Ernest Allen

No. 95
- Position: Offensive lineman/defensive lineman

Personal information
- Born: March 11, 1973 (age 53)
- Listed height: 6 ft 4 in (1.93 m)
- Listed weight: 300 lb (136 kg)

Career information
- High school: John Adams (South Bend, Indiana)
- College: Cincinnati (1991–1994)
- NFL draft: 1995: undrafted

Career history
- Seattle Seahawks (1995)*; Florida Bobcats (1996); Albany Firebirds (1997); New Jersey Red Dogs (1998); Milwaukee Mustangs (1998–1999); Orlando Predators (2000–2003); Dallas Desperados (2004–2005); Philadelphia Soul (2006); Georgia Force (2007–2008);
- * Offseason or practice squad member only

Awards and highlights
- ArenaBowl champion (2000); 5× Second-team All-Arena (1998, 2001, 2002, 2003 and 2006);
- Stats at ArenaFan.com

= Ernest Allen (American football) =

American football player (born 1973)

Ernest Allen (born March 11, 1973) is an American former professional football player who was an offensive lineman/defensive lineman in the Arena Football League (AFL) from 1996 to 2008. He played for the Florida Bobcats (1996), Albany Firebirds (1997), New Jersey Red Dogs (1998), Milwaukee Mustangs (1998–1999), Orlando Predators (2000–2003), Dallas Desperados (2004–2005), Philadelphia Soul (2006), and Georgia Force (2007–2008).

==Early life==
Allen attended John Adams High School in South Bend, Indiana, and was a letterman in football.
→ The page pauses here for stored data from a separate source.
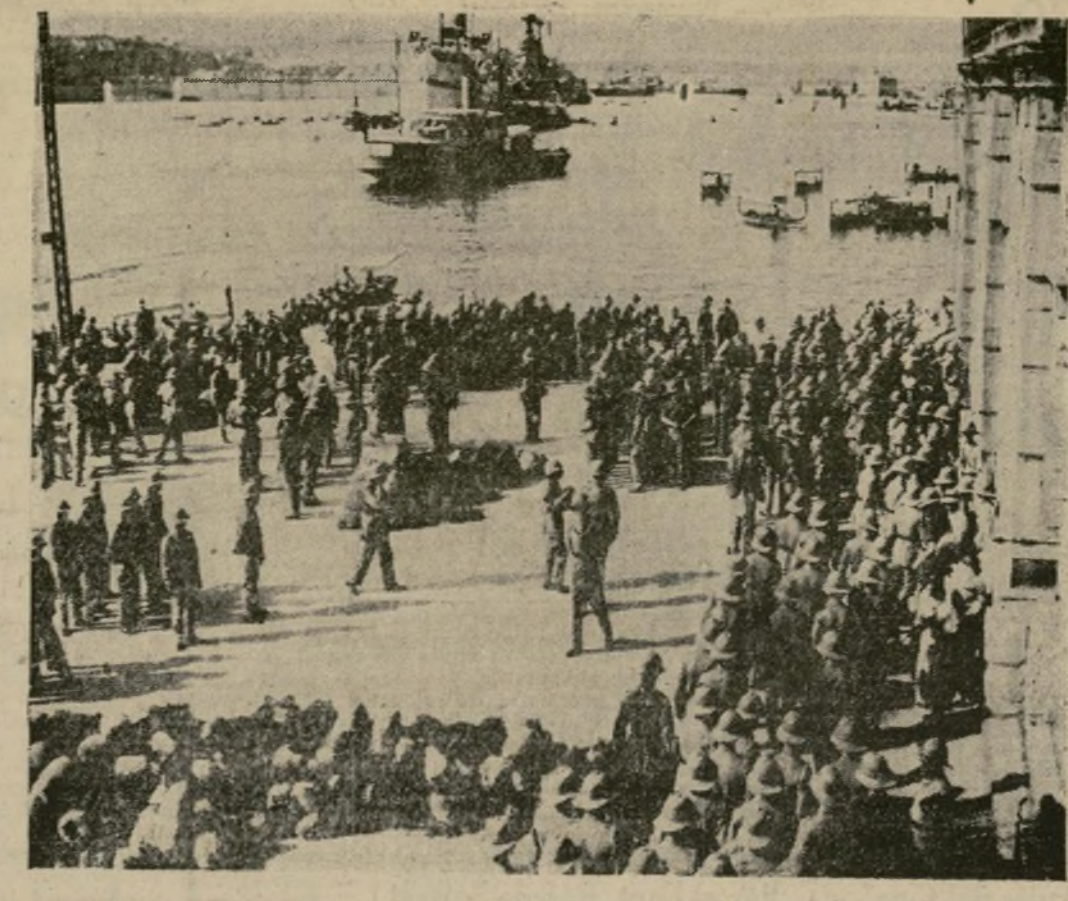
Artillería, ingenieros y cuerpos de señales del ejército imperial británico desembarcan en el puerto de Valetta, Isla de Malta, base naval de gran importancia, considerada como uno de los puntos más estratégicos de la "arteria" vital del imperio.
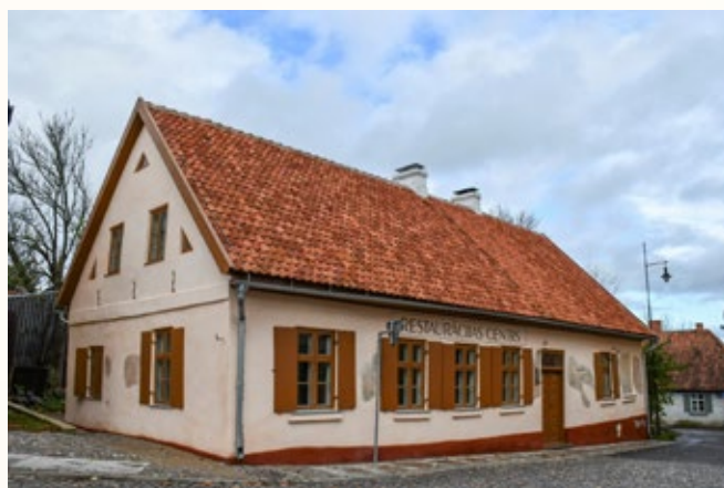
Daudzdzīvokļu dzīvojamās ēkas restaurācija, atjaunošana un pārbūve restaurācijas centra vajadzībām, 1. un 3. kārtā, Baznīcas ielā 30 Kuldīgā
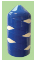
Typ PM – MX im Umfang kreuzweise PU beschichtet, Durchmesserreduzierung ca. 20%
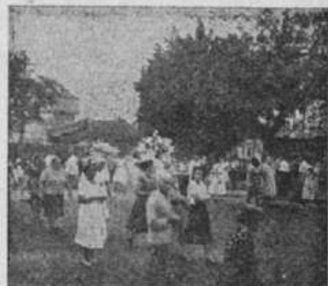
A procissão de N. S. Menina, no I.A.P.I., da Penha, Distrito Federal.

Sabe V. Ex., Sr. Deputado, que essa palavra NACIONALIZAÇÃO não soa bem, nos ouvidos dos apátridas. Exploram o povo brasileiro com
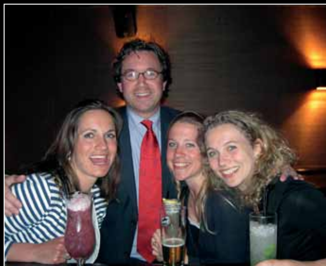
Het Jonge Balie-bestuur tijdens de pleitborrel op donderdagavond in Marquee.
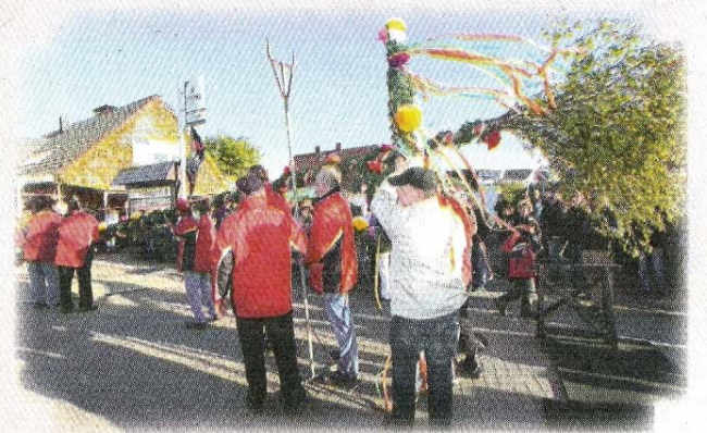
Mit vereinten Kräften wird der Maibaum in der Nordhelm-siedlung aufgestellt.
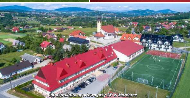
Infrastruktura sportowa przy SP w Mordarce
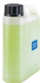
Nádobka pro napěňovací nástavec Nilfisk Vario (2,5L)
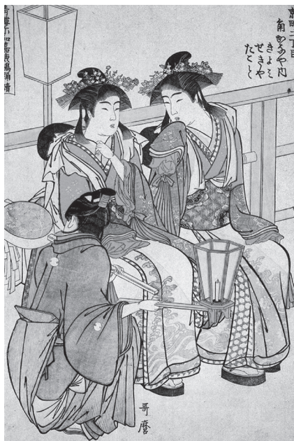
Фото 2. Кітагава Утамаро. Кольорова гравюра. Японія. XVII ст.

(Вікіпедія). У Західній Європі кольорова гравюра на дереві з'явилася на початку XVI ст. У цій техніці працювали Лукас Кранах (фото 1), Уго да Карпі, Ганс Бургкмайєр. Близько 1710 р. голландець Жак Крістофер Леблон вперше замінив дерев'яні дошки на металеві.
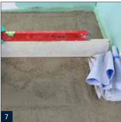
7 Erstellen eine Gefällestrichs mit ausreichenden Gefälle.
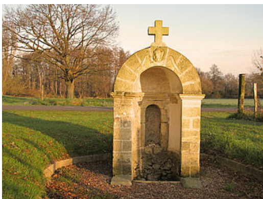
La Fontaine Saint-Victor
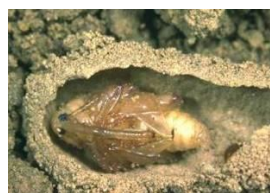
Photo 3 : Œuf au contact de l'amande en cours de croissance Photo 4 : Nymphe femelle dans la loge préparée par la larve dans le sol

In football, he won first team All-State honors at defensive tackle, and second team All-League honors at offensive tackle. In his final two years of high school, he produced 10 sacks, 12 forced fumbles, 65 tackles, and six fumble recoveries on defense.

==College career==
Allen attended the University of Cincinnati, and finished his stellar college career with 11 sacks and 120 tackles (8 for losses). Six of those sacks, and 45 tackles came during his senior year. Was a Three year starter.

==Professional career==
Allen was signed as a free agent in 1995 to the NFL Seattle Seahawks as a defensive tackle. He was released on August 21, 1995. He then signed with the NFL Europe's Rhein Fire in 1996 to the same position. He finished his AFL career second in league history in tackles for loss and one of the top 10 players in league history in sacks, also being selected to five All-Arena Teams during his career. He was named second-team All-Arena in 1998, 2001, 2002, 2003 and 2006.